* **Data to examine**:
*-*-*

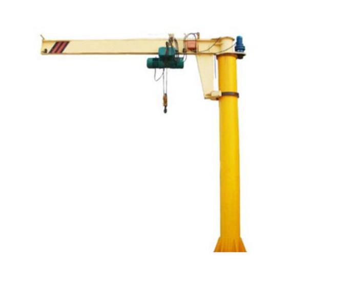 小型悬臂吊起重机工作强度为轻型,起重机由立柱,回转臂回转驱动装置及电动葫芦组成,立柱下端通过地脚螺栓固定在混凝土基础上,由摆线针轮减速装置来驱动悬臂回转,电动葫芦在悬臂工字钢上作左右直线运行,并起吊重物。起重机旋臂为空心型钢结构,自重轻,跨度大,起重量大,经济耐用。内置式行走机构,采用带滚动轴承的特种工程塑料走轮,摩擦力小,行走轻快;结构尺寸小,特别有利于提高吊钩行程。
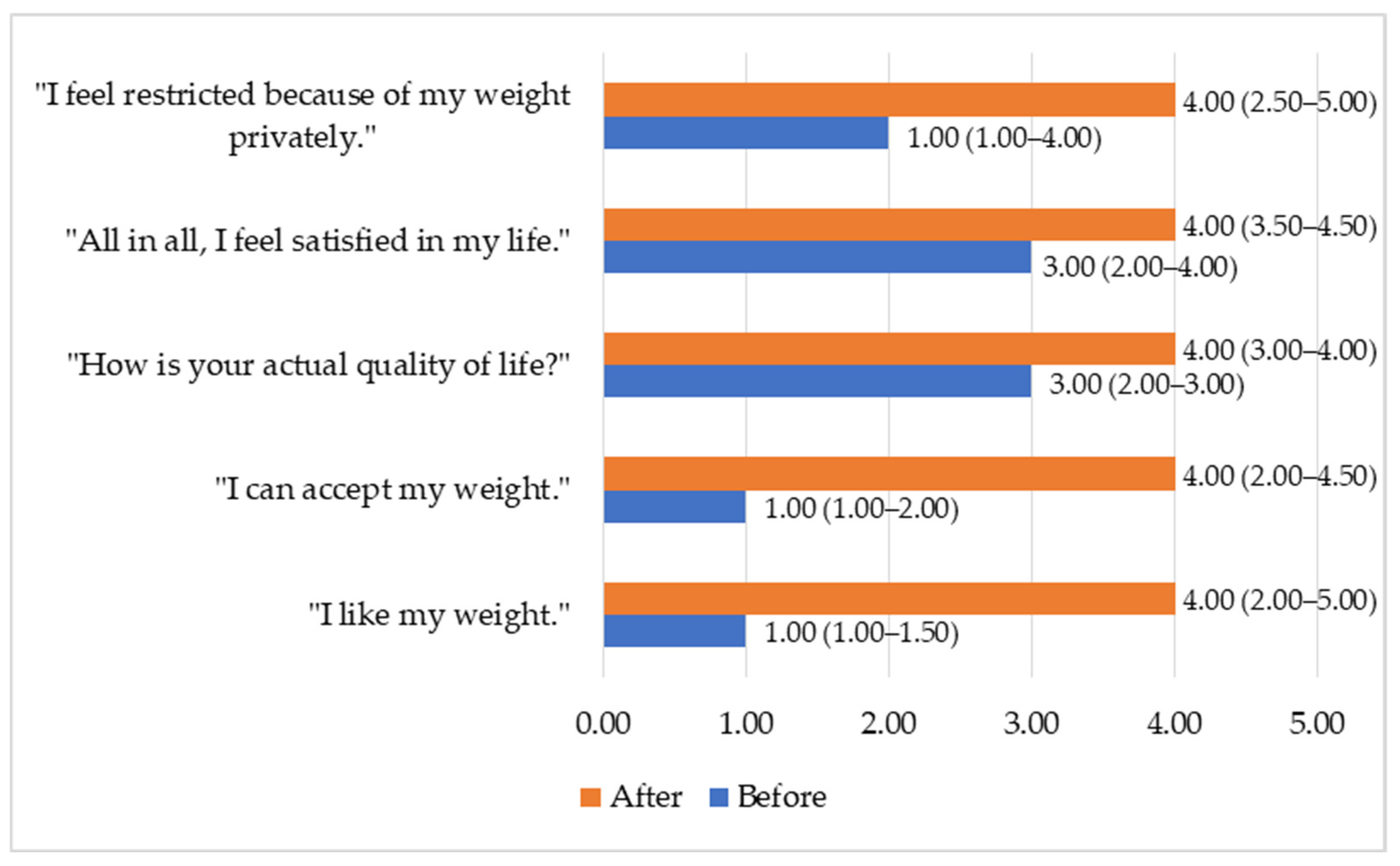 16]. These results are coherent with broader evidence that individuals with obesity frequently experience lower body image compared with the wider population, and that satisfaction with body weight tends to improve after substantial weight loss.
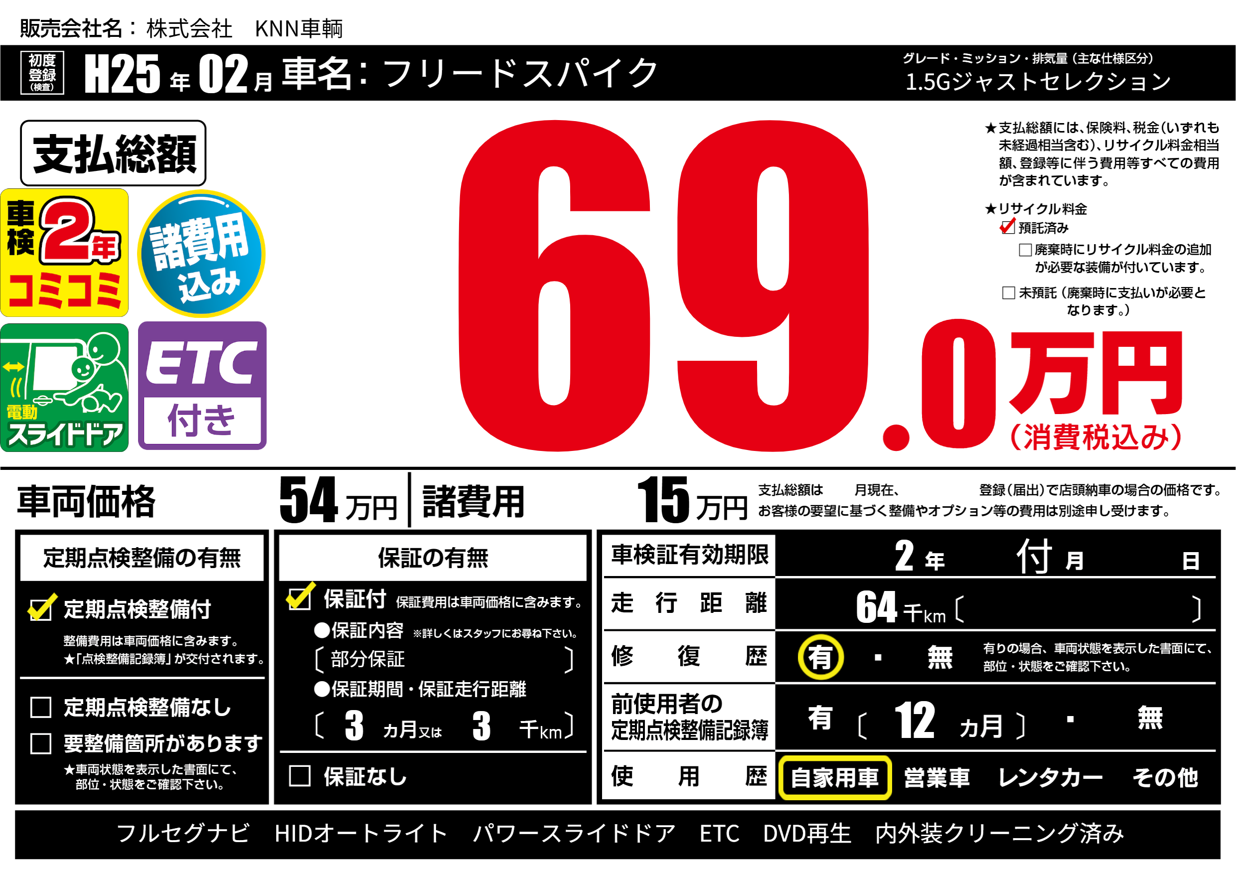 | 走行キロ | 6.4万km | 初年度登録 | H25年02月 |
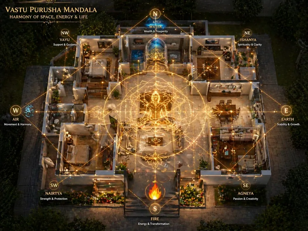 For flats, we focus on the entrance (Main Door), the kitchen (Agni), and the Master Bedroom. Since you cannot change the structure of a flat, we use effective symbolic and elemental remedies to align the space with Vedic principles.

*-*-*

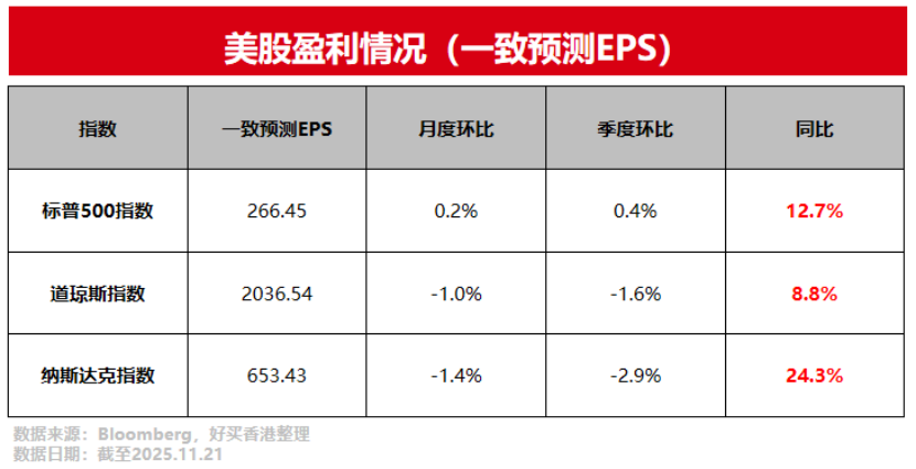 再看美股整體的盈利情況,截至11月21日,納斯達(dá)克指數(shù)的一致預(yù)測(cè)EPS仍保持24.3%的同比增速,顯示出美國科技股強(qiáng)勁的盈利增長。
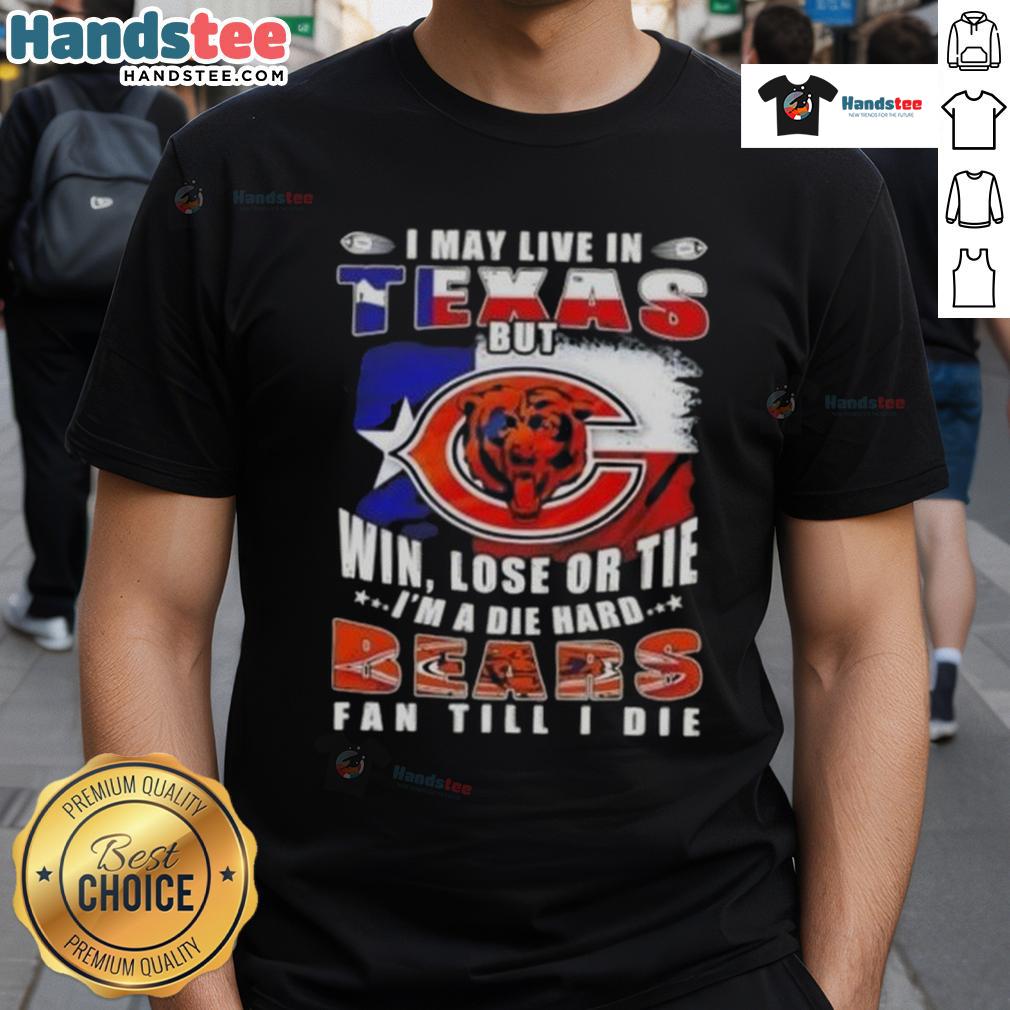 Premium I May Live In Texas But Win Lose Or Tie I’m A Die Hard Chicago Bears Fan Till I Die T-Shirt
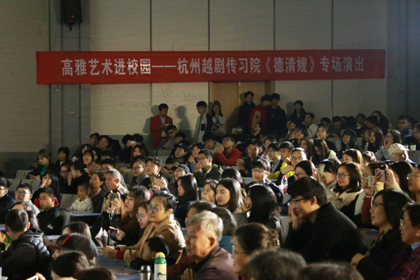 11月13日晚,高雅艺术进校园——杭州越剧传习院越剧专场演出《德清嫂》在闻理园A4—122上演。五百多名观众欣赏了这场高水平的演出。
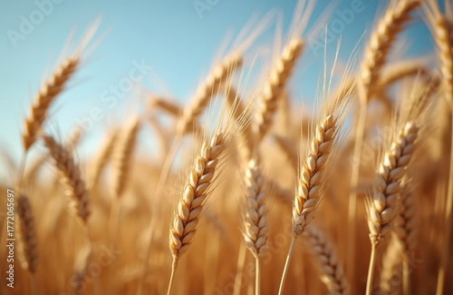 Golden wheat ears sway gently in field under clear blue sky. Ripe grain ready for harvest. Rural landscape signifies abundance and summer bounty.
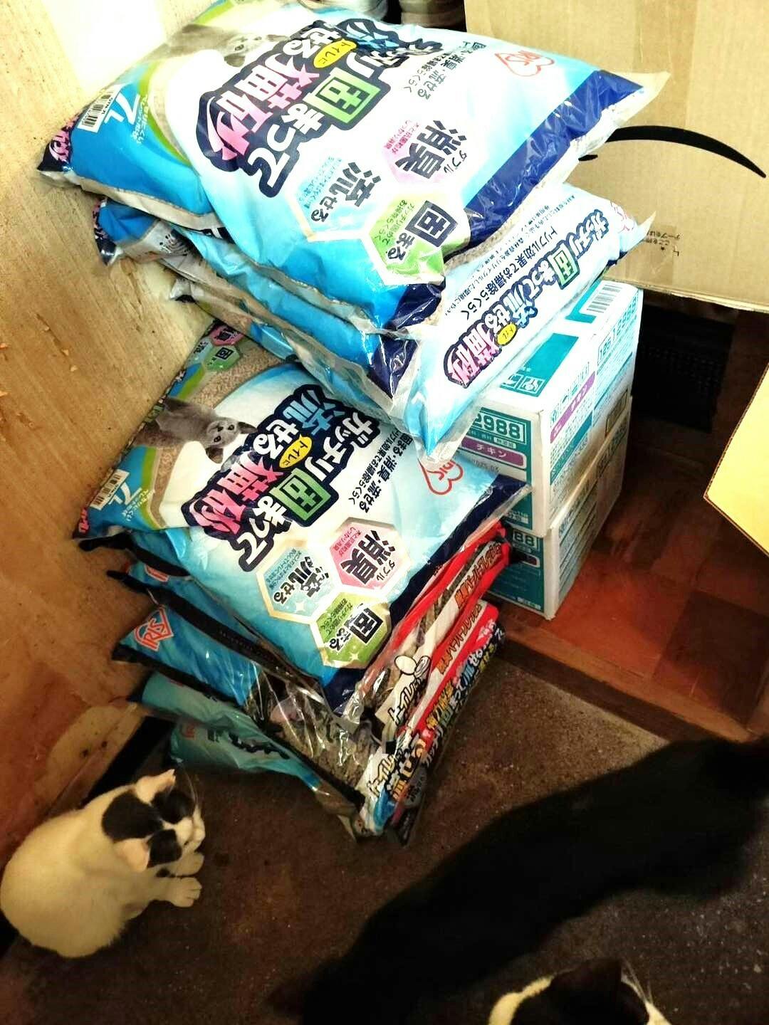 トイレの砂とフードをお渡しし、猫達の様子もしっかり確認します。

*-*-*

* **Directions**: Only one part of the listing is wanted: the lines from the one containing "Premium I May" through the one containing "トイレの砂とフードをお渡しし、猫達の様子もしっかり確認します。", both included. Please transcribe it exactly, leaving out the pictures.

* **Result of this exercise**:
 Premium I May Live In Texas But Win Lose Or Tie I’m A Die Hard Chicago Bears Fan Till I Die T-Shirt
 11月13日晚,高雅艺术进校园——杭州越剧传习院越剧专场演出《德清嫂》在闻理园A4—122上演。五百多名观众欣赏了这场高水平的演出。
 Golden wheat ears sway gently in field under clear blue sky. Ripe grain ready for harvest. Rural landscape signifies abundance and summer bounty.
 トイレの砂とフードをお渡しし、猫達の様子もしっかり確認します。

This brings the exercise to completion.